● **Work task**:
Restate exactly the lines that run from the start of the records below to the line containing "Универсальное алмазное сверло", counting both ends, and nothing else; pictures stay out.

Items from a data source
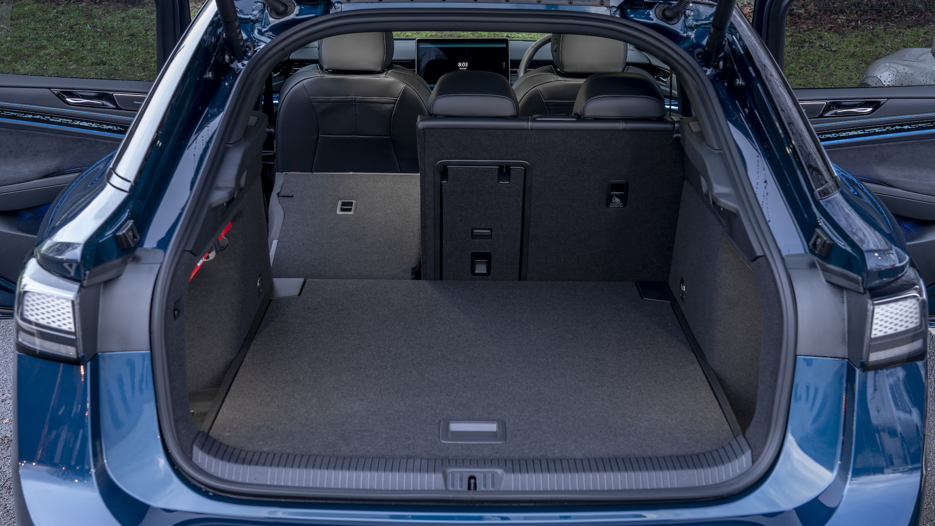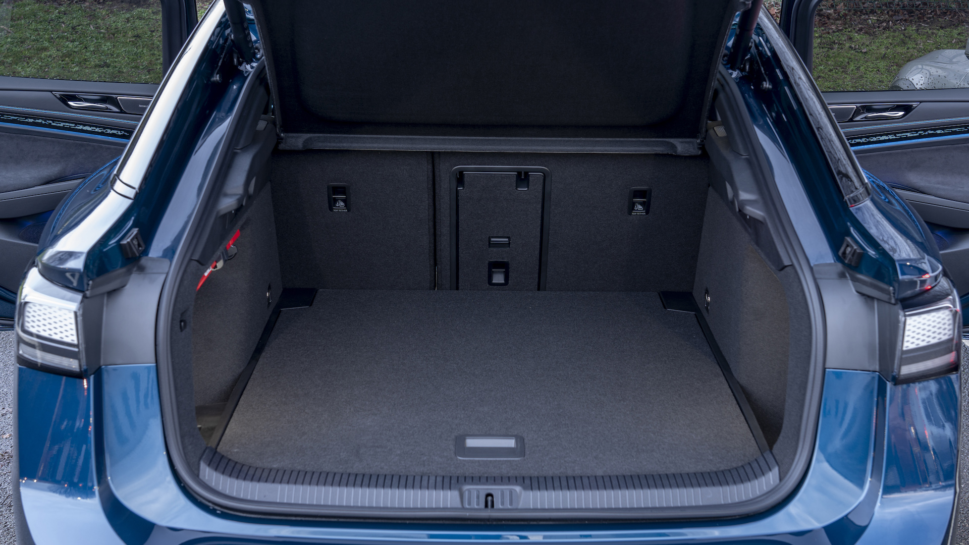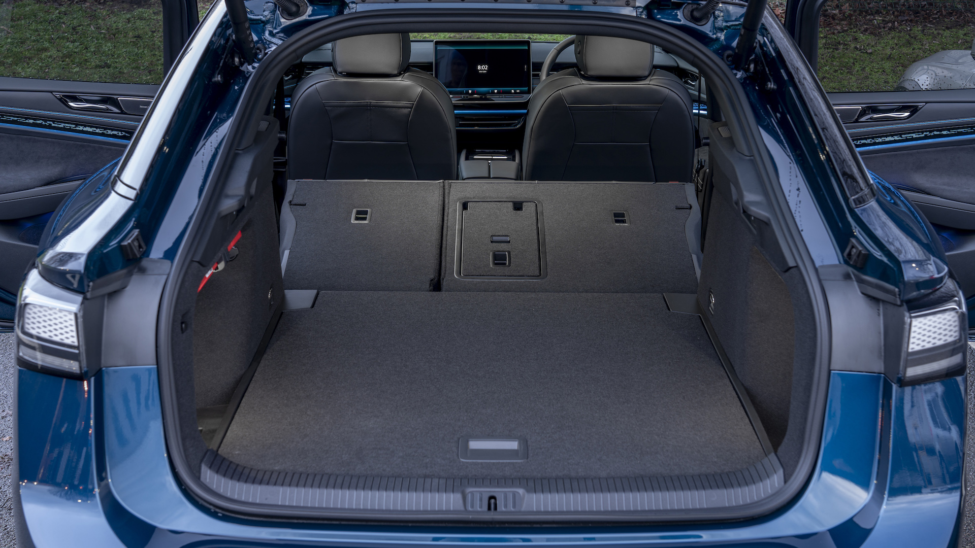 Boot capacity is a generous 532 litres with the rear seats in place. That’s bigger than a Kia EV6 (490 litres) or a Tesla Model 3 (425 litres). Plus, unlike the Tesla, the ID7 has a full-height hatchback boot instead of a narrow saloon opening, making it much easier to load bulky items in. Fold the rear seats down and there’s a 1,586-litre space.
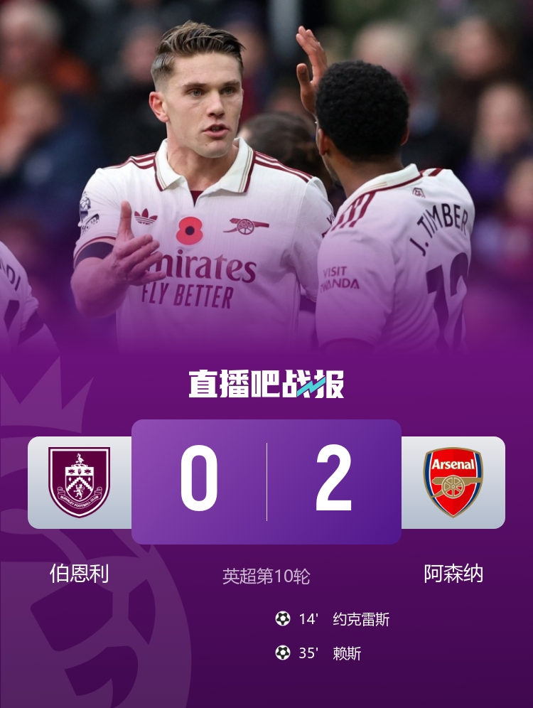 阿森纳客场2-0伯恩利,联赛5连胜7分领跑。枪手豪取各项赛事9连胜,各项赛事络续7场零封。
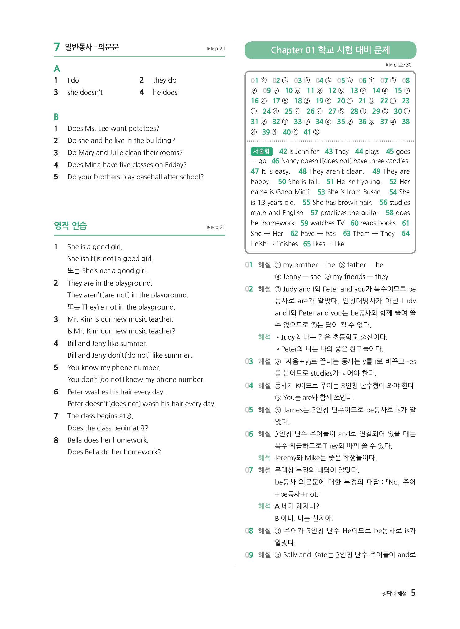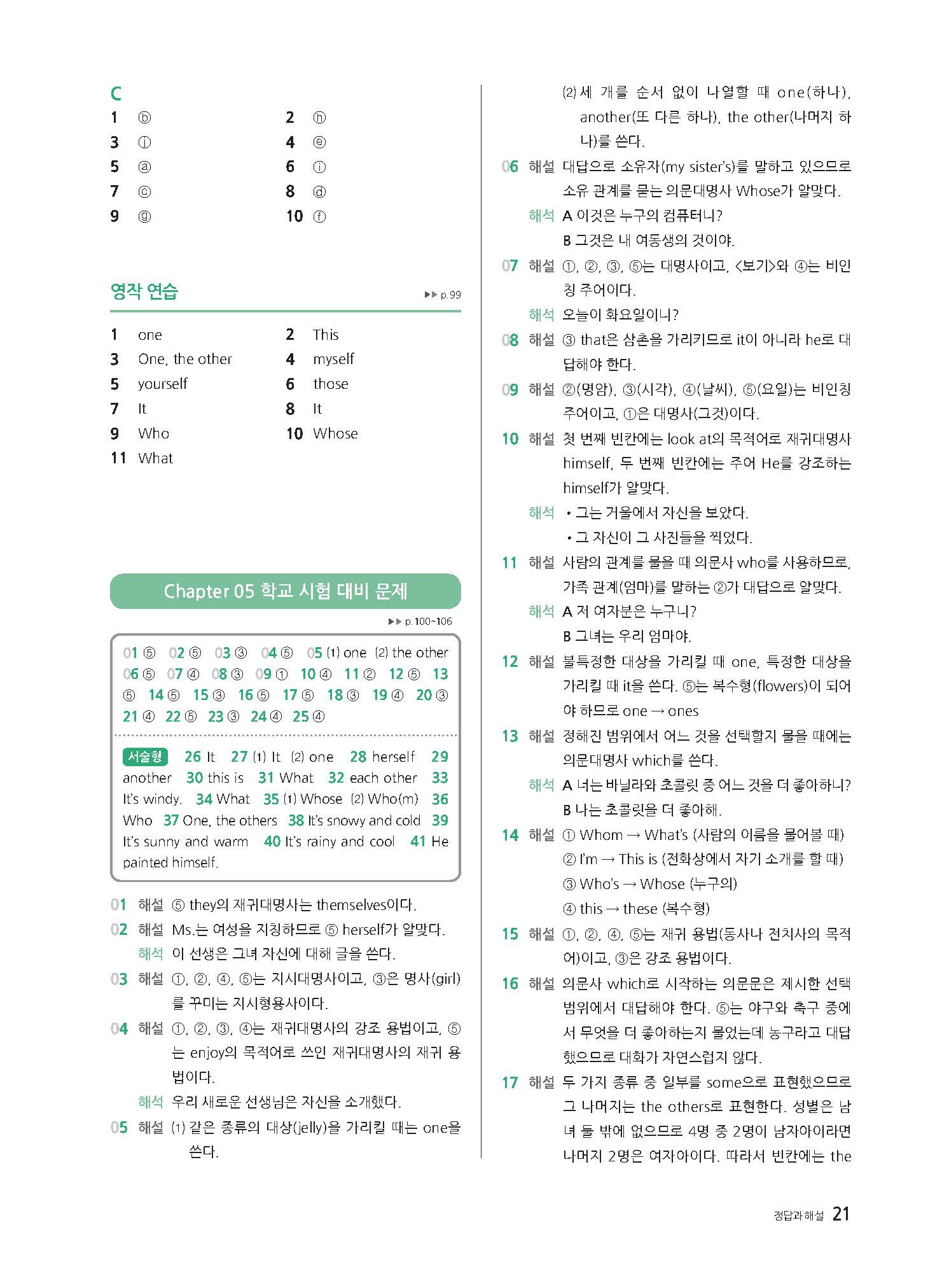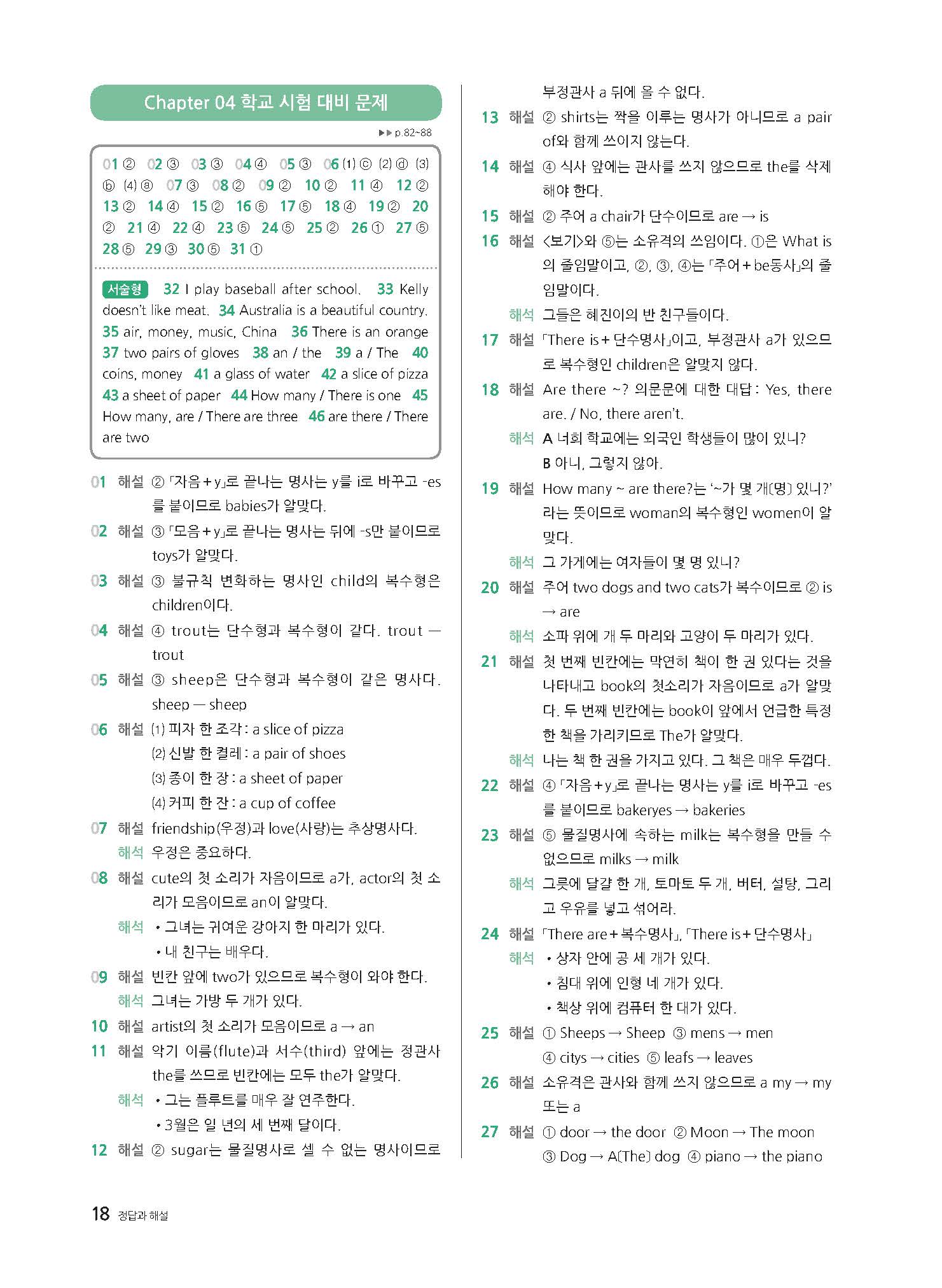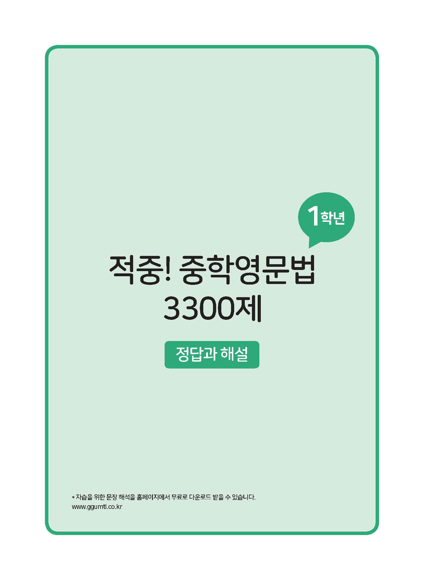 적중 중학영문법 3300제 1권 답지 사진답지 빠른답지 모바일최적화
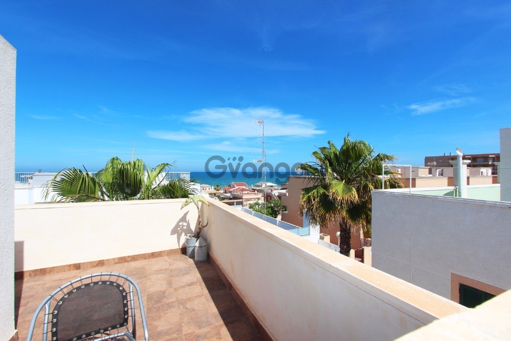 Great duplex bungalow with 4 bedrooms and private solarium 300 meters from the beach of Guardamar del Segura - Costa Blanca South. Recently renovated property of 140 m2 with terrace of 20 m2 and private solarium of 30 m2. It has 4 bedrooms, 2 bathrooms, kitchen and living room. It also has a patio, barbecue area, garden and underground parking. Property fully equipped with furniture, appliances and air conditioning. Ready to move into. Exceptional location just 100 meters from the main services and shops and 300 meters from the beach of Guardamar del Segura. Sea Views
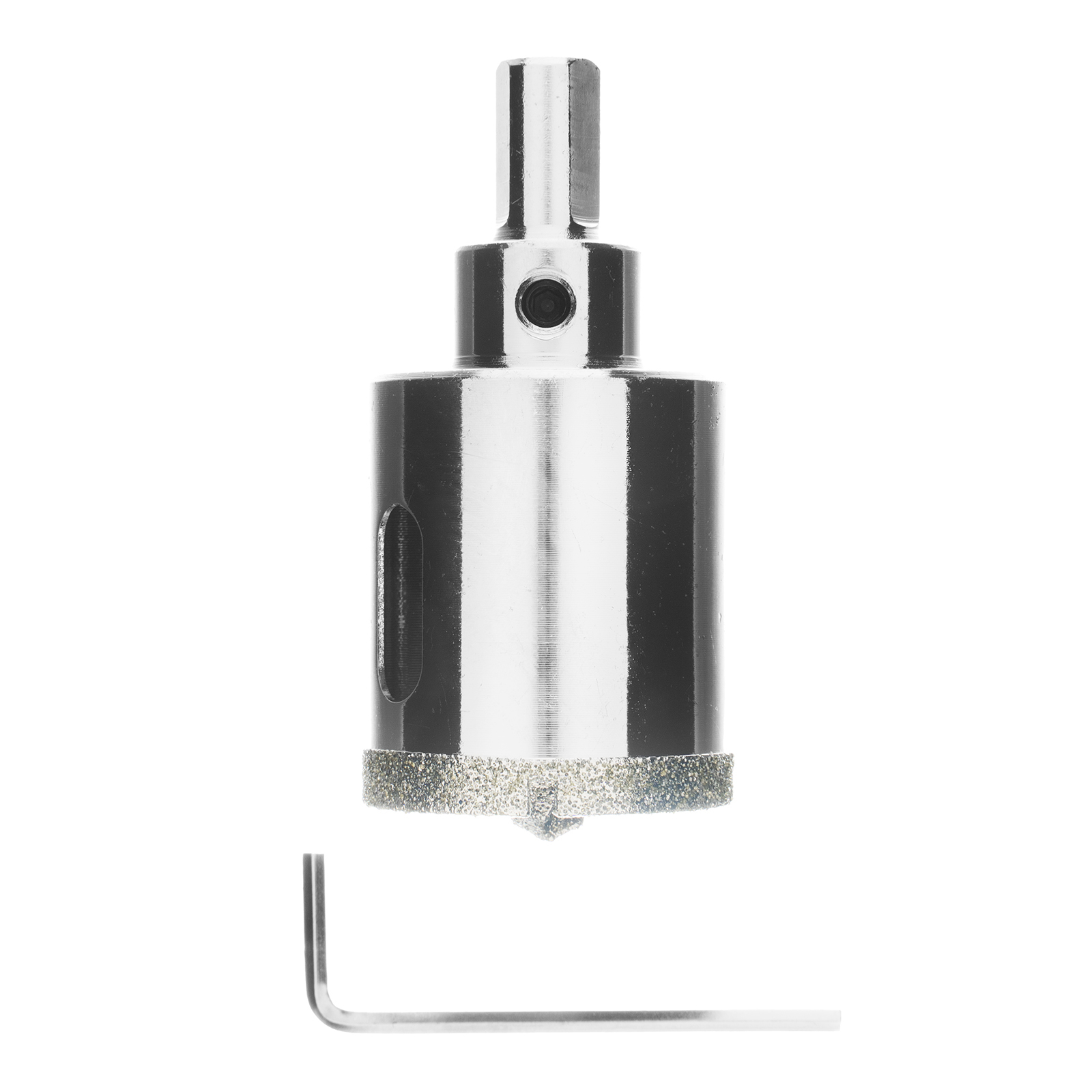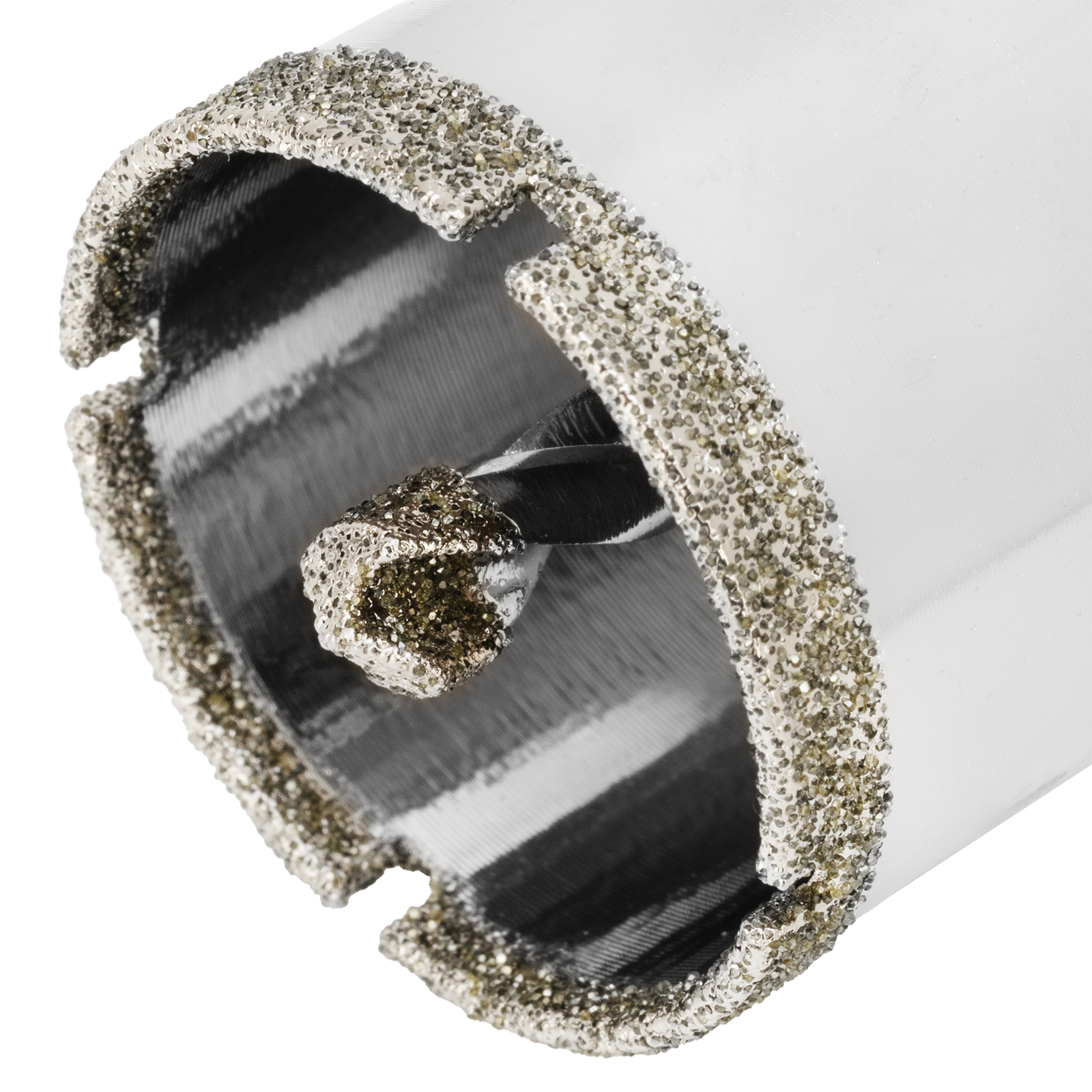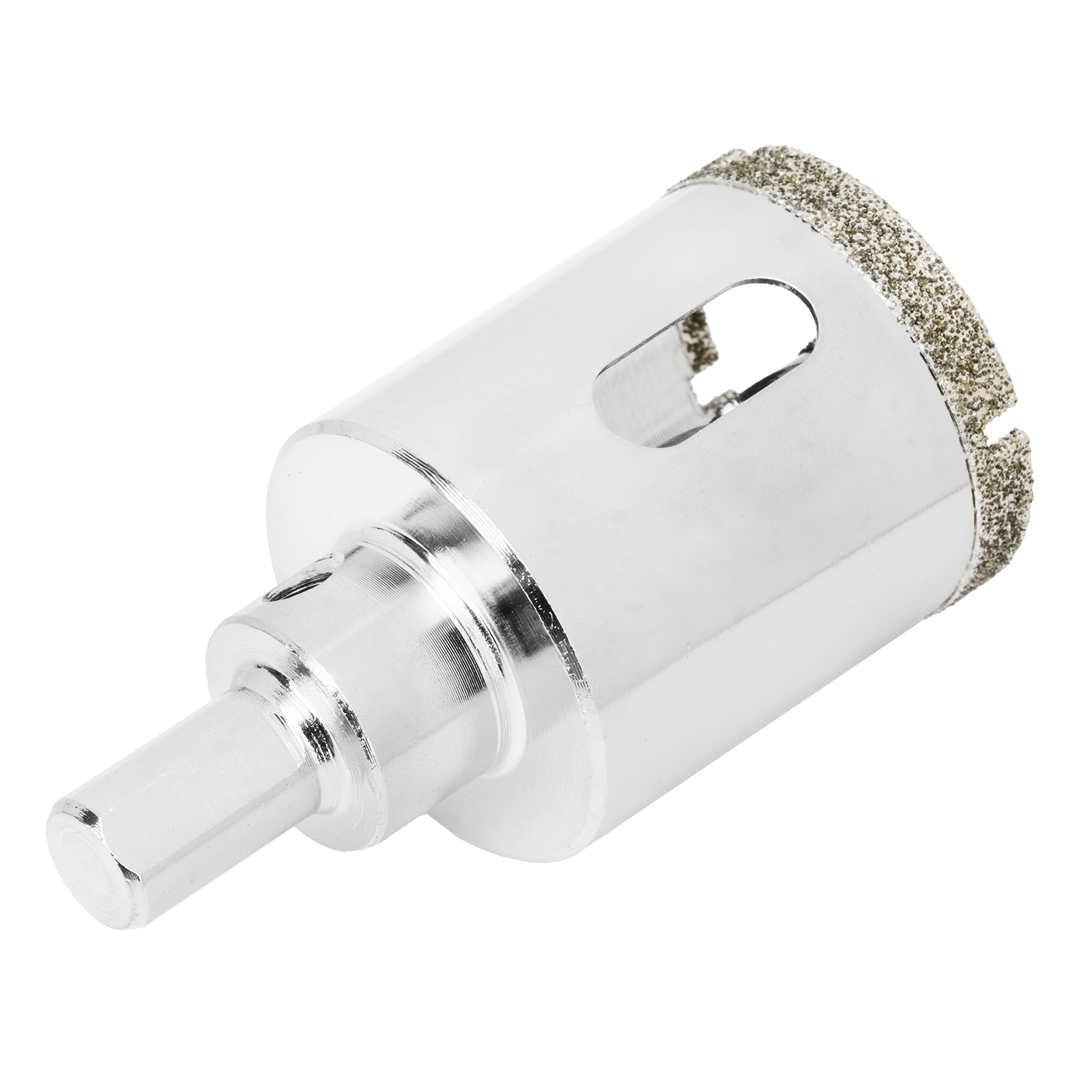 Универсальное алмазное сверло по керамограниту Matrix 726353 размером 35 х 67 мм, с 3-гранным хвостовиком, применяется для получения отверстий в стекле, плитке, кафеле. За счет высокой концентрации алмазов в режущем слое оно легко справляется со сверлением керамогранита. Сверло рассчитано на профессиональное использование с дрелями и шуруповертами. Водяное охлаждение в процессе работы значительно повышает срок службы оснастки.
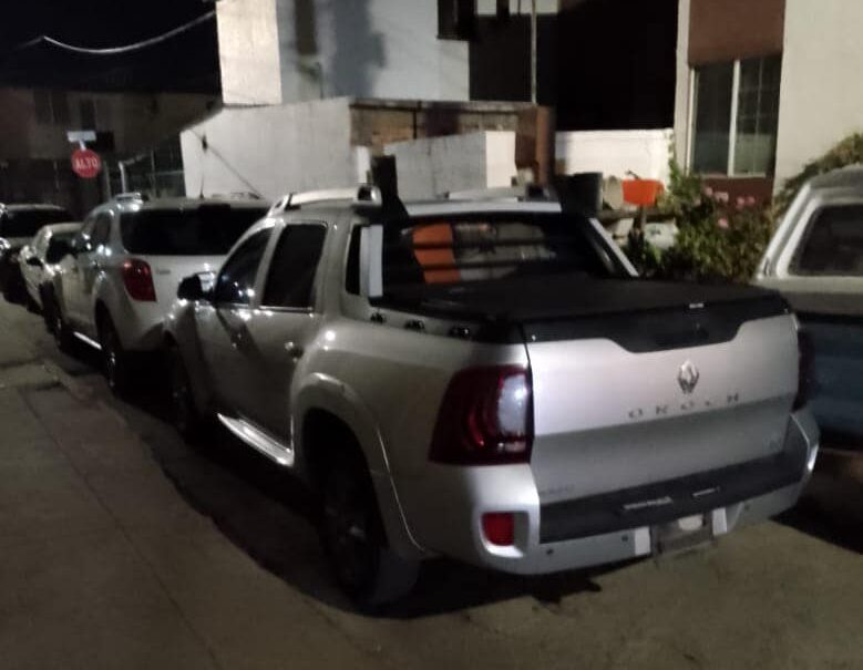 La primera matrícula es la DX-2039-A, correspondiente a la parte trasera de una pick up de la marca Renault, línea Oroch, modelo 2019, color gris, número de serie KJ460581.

● **Result**:
 Boot capacity is a generous 532 litres with the rear seats in place. That’s bigger than a Kia EV6 (490 litres) or a Tesla Model 3 (425 litres). Plus, unlike the Tesla, the ID7 has a full-height hatchback boot instead of a narrow saloon opening, making it much easier to load bulky items in. Fold the rear seats down and there’s a 1,586-litre space.
 阿森纳客场2-0伯恩利,联赛5连胜7分领跑。枪手豪取各项赛事9连胜,各项赛事络续7场零封。
 적중 중학영문법 3300제 1권 답지 사진답지 빠른답지 모바일최적화
 Great duplex bungalow with 4 bedrooms and private solarium 300 meters from the beach of Guardamar del Segura - Costa Blanca South. Recently renovated property of 140 m2 with terrace of 20 m2 and private solarium of 30 m2. It has 4 bedrooms, 2 bathrooms, kitchen and living room. It also has a patio, barbecue area, garden and underground parking. Property fully equipped with furniture, appliances and air conditioning. Ready to move into. Exceptional location just 100 meters from the main services and shops and 300 meters from the beach of Guardamar del Segura. Sea Views
 Универсальное алмазное сверло по керамограниту Matrix 726353 размером 35 х 67 мм, с 3-гранным хвостовиком, применяется для получения отверстий в стекле, плитке, кафеле. За счет высокой концентрации алмазов в режущем слое оно легко справляется со сверлением керамогранита. Сверло рассчитано на профессиональное использование с дрелями и шуруповертами. Водяное охлаждение в процессе работы значительно повышает срок службы оснастки.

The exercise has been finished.